**What you need to do**
All entries below are to be written out again exactly, but no picture is to be copied.

Records from a data source:
+++++
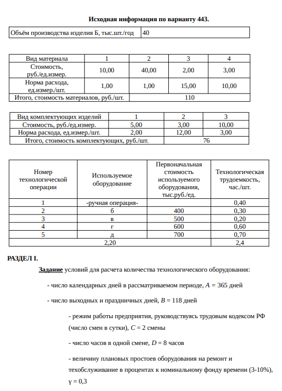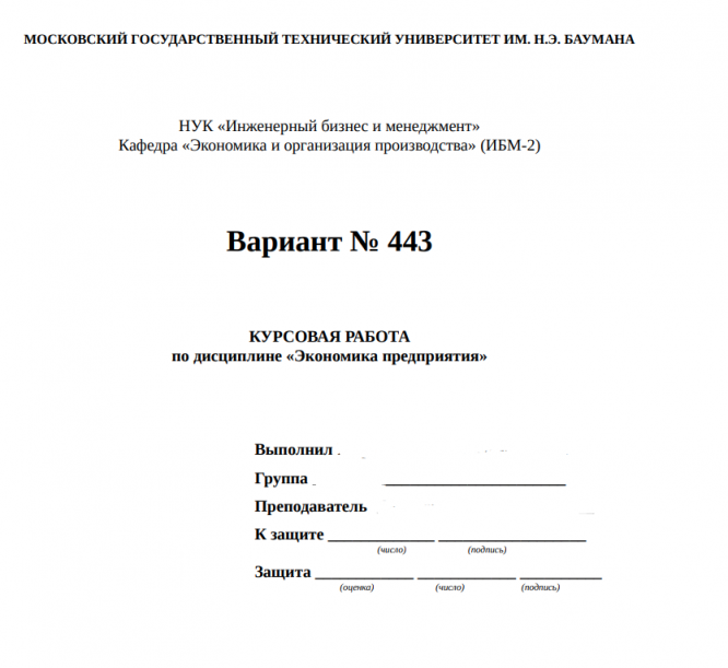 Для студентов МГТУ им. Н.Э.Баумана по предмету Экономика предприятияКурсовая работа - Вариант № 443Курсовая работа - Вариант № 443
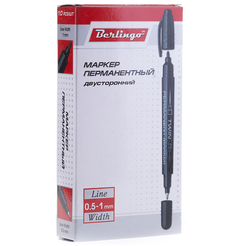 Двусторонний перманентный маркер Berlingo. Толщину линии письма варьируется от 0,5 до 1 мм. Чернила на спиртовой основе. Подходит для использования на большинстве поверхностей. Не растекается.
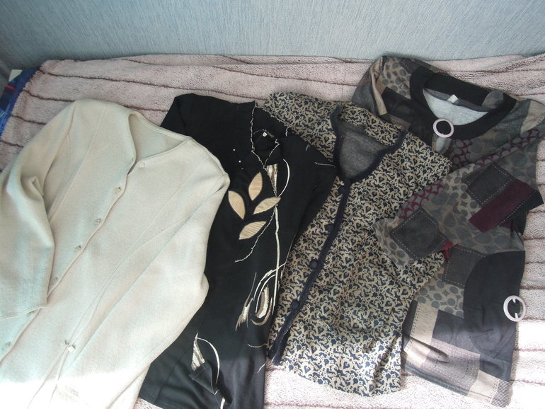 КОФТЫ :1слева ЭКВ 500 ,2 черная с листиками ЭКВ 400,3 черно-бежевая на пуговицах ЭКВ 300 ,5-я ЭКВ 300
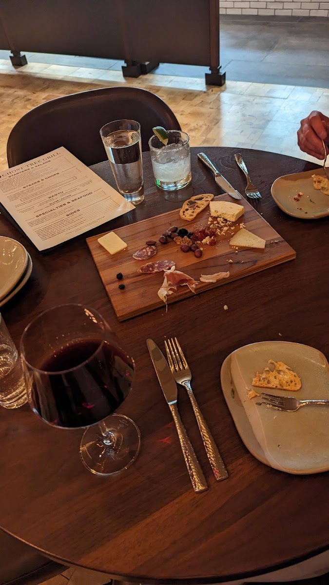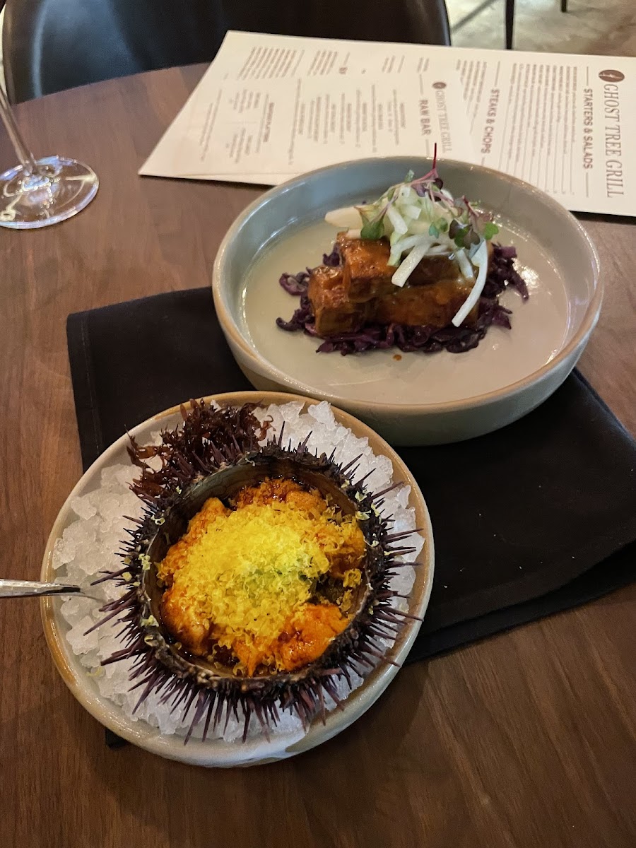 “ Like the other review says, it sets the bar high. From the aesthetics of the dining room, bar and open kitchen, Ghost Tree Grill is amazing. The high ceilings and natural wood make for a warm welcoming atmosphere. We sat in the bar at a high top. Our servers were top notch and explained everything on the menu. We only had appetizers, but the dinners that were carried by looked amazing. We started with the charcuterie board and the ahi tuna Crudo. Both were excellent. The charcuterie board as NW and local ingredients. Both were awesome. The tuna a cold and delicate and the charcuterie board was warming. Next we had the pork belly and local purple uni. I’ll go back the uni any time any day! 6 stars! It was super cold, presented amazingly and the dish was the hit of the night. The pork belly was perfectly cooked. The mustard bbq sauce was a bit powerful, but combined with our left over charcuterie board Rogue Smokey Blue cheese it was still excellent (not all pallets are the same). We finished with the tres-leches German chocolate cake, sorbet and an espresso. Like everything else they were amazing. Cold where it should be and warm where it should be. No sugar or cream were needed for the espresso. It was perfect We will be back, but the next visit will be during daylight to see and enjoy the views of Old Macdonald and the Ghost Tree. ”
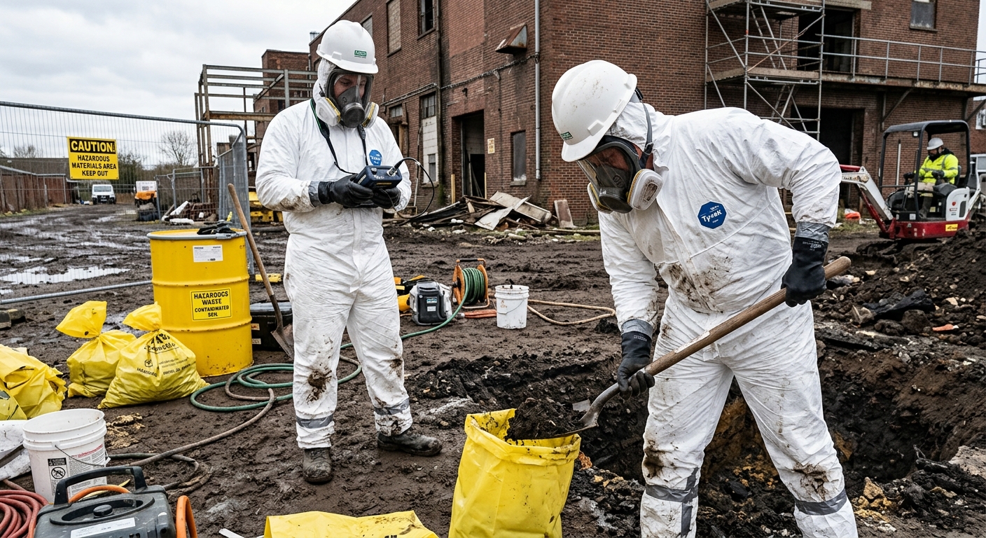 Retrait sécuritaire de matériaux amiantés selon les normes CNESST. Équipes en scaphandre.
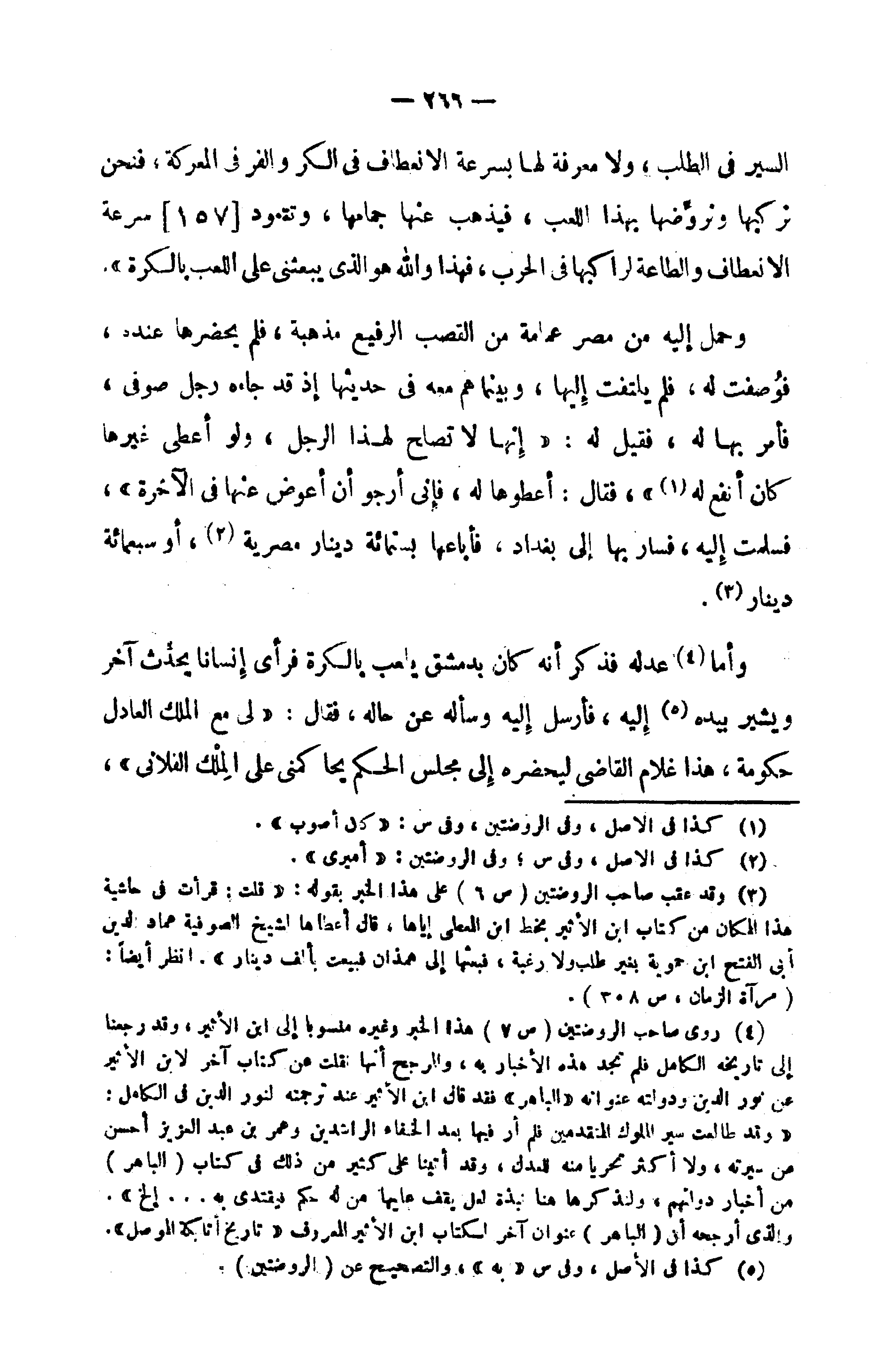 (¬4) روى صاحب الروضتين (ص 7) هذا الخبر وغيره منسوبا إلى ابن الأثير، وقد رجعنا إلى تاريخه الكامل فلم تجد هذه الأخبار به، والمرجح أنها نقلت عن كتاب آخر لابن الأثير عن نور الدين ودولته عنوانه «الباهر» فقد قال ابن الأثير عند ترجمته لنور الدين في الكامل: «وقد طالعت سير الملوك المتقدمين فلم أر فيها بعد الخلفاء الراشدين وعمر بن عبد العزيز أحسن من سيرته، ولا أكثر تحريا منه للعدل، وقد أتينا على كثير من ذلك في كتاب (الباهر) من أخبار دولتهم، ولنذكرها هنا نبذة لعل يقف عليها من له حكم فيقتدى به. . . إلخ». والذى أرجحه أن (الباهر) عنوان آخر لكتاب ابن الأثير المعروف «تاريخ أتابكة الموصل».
+++++
**Expected output**
 Для студентов МГТУ им. Н.Э.Баумана по предмету Экономика предприятияКурсовая работа - Вариант № 443Курсовая работа - Вариант № 443
 Двусторонний перманентный маркер Berlingo. Толщину линии письма варьируется от 0,5 до 1 мм. Чернила на спиртовой основе. Подходит для использования на большинстве поверхностей. Не растекается.
 КОФТЫ :1слева ЭКВ 500 ,2 черная с листиками ЭКВ 400,3 черно-бежевая на пуговицах ЭКВ 300 ,5-я ЭКВ 300
 “ Like the other review says, it sets the bar high. From the aesthetics of the dining room, bar and open kitchen, Ghost Tree Grill is amazing. The high ceilings and natural wood make for a warm welcoming atmosphere. We sat in the bar at a high top. Our servers were top notch and explained everything on the menu. We only had appetizers, but the dinners that were carried by looked amazing. We started with the charcuterie board and the ahi tuna Crudo. Both were excellent. The charcuterie board as NW and local ingredients. Both were awesome. The tuna a cold and delicate and the charcuterie board was warming. Next we had the pork belly and local purple uni. I’ll go back the uni any time any day! 6 stars! It was super cold, presented amazingly and the dish was the hit of the night. The pork belly was perfectly cooked. The mustard bbq sauce was a bit powerful, but combined with our left over charcuterie board Rogue Smokey Blue cheese it was still excellent (not all pallets are the same). We finished with the tres-leches German chocolate cake, sorbet and an espresso. Like everything else they were amazing. Cold where it should be and warm where it should be. No sugar or cream were needed for the espresso. It was perfect We will be back, but the next visit will be during daylight to see and enjoy the views of Old Macdonald and the Ghost Tree. ”
 Retrait sécuritaire de matériaux amiantés selon les normes CNESST. Équipes en scaphandre.
 (¬4) روى صاحب الروضتين (ص 7) هذا الخبر وغيره منسوبا إلى ابن الأثير، وقد رجعنا إلى تاريخه الكامل فلم تجد هذه الأخبار به، والمرجح أنها نقلت عن كتاب آخر لابن الأثير عن نور الدين ودولته عنوانه «الباهر» فقد قال ابن الأثير عند ترجمته لنور الدين في الكامل: «وقد طالعت سير الملوك المتقدمين فلم أر فيها بعد الخلفاء الراشدين وعمر بن عبد العزيز أحسن من سيرته، ولا أكثر تحريا منه للعدل، وقد أتينا على كثير من ذلك في كتاب (الباهر) من أخبار دولتهم، ولنذكرها هنا نبذة لعل يقف عليها من له حكم فيقتدى به. . . إلخ». والذى أرجحه أن (الباهر) عنوان آخر لكتاب ابن الأثير المعروف «تاريخ أتابكة الموصل».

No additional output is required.